The railings themselves are going to slope with the host (ramp or stair). You can have horizontal rails on flat floors. But you can create baluster panels with horizontal elements if you want. You can add a rotation parameter and you'd type in the angle of the stair into your balster family (type parameter) and those elements would rotate to be horizontal. Is this what you're talking about?

Anonymous said...

Hey, could you please create a tutorial on how to create the rail that is shown in the picture, as I need to create one very very similar for a clients project.

Dave Baldacchino said...

Hi Tim, I suspect what you're really looking for is how to do the baluster panel (the "X" panel), correct? I'll do my best to post about that soon.

Understudy said...

Hey Dave,

Seems like you are the person I've been looking for.
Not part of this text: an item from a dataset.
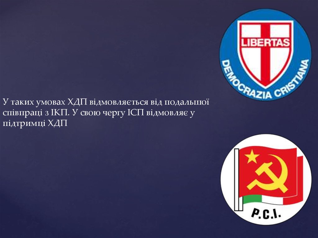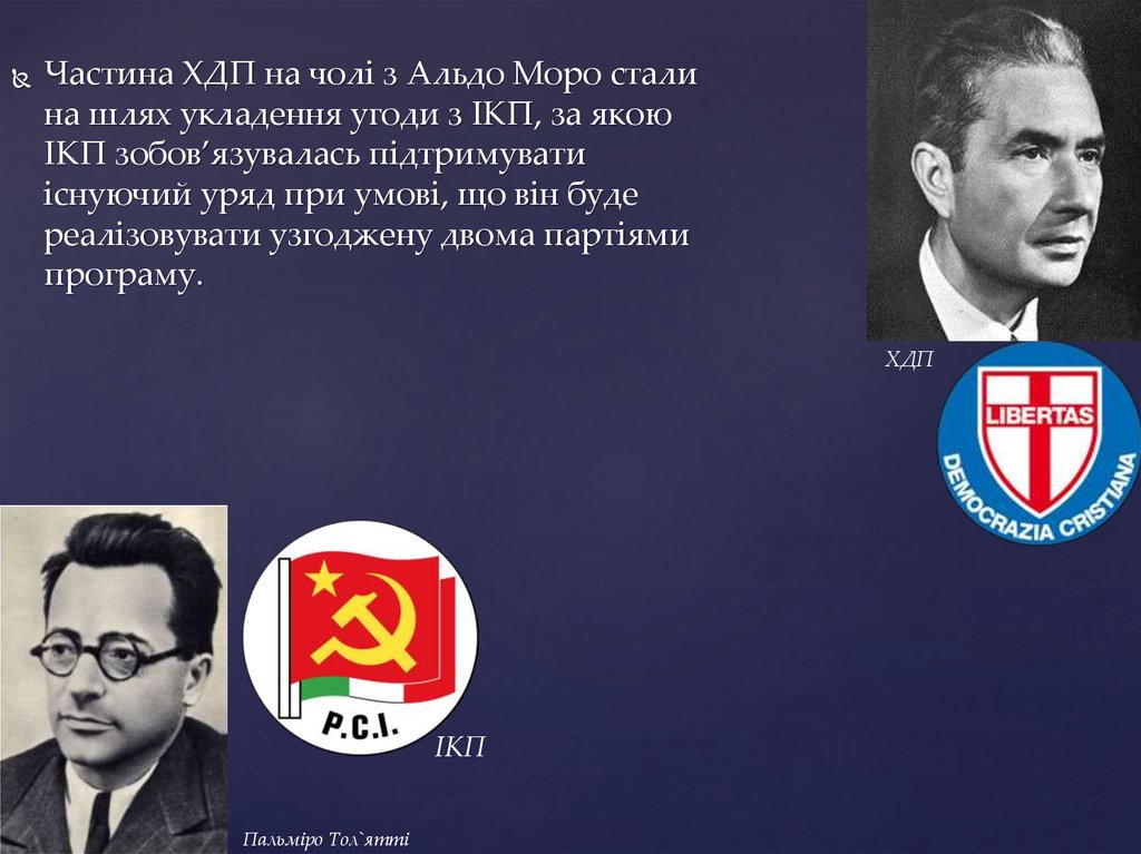 Частина ХДП на чолі з Альдо Моро сталина шлях укладення угоди з ІКП, за якою

Great post, this one helped me understand the rail vs baluster much better.

I created a baluster and figured I could just replace the glass panel in the stair revit railing with mine.
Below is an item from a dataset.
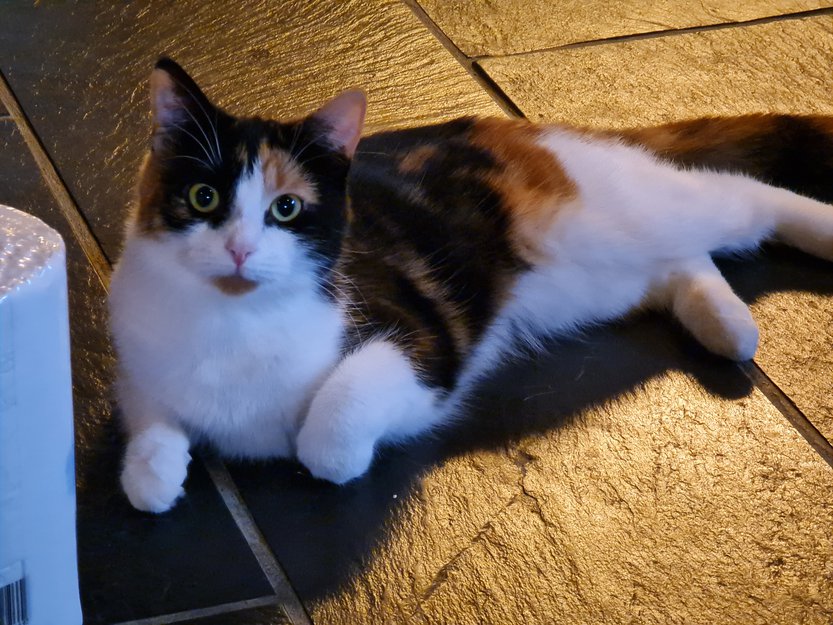 Mellomstor hunnkatt,tricolor svart,oransje og hvit!

It worked except, where the glass panel tilted to match the rise of the stairs my exchange panel remained parallel to the ground.

How do I correct this so some are parallel to the landing and others to the rise angle of the stair??


Dave Baldacchino said...

Hi Steven

Make sure you take a look at the other baluster post I have here (go to the link below to see all related posts)
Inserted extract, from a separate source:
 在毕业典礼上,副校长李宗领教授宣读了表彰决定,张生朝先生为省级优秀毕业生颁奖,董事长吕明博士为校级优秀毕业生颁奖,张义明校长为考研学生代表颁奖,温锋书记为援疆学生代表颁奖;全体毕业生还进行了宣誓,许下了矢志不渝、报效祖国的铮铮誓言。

Sounds like you want a baluster panel. In that case, you need to make sure your geometry is constrained to the sloped ref. planes called "Slope Angle (Top)" and "Slope Angle (Bottom)". You also have to make sure that BOTH these ref. planes are constrained with the parameter "Slope Angle". This will flex your panel depending on the host (whether it's on a flat slab such as at a landing or a sloped stair run). The other parameters "Top Cut Angle" and "Bottom Cut Angle" are used by baluster families, as the base and top can have different slopes. For example the baluster can be sitting on a stair thread (flat) and the top will be trimmed at the top rail angle.

Unknown said...

Hi Dave,

Good things to know about editing railings. I wanted to ask you how can I edit a stair railing panels in order to get the panels spaced iqualy when changing direccion and when in landing?.I have tried making the railing using in place families but I can't attach the panels to the railing. I there any solution?

thank you,


Dave Baldacchino said...

Hi Anabel,

What you want is a bit tricky to do. Unfortunately Revit's current toolset is very limited and not design-friendly at all. So you have to know what your railings look like before you input the data into your family type so you get the desired result. Which is why in most cases, going for the in-place route is less frustrating! However if you build a baluster panel that flexes correctly, you can create a few types with the required sizes and use them when defining the railing.

Let's say you have a railing where the sloped run has 4 panels of width X and the landing has 2 panels of width Y. You can do the following:

Method 1: In one railing type, define exactly 4 "X" panels with one line item for each at the correct spacing. Then do the same for the other 2 "Y" panels at the correct spacing. When you sketch, Revit will see the pattern as these 6 panels and will repeat it after the 6th panel is modeled.

Method 2: Define a unique railing type for the sloped run and a unique railing for the landing.

The nice thing about Method 2 is that you can now use each of the defined types in other project areas, whereas the type in Method 1 is very specific and probably wouldn't work somewhere else. The other problem with Method 2 is that your plan representation might show incorrectly (probably the landing section will not show properly when a hidden representation is expected since that part of the railing might not be intersected with the cut plane since it would be modeled as a separate piece). I would recommend Method 1, even though it's a bit of a pain.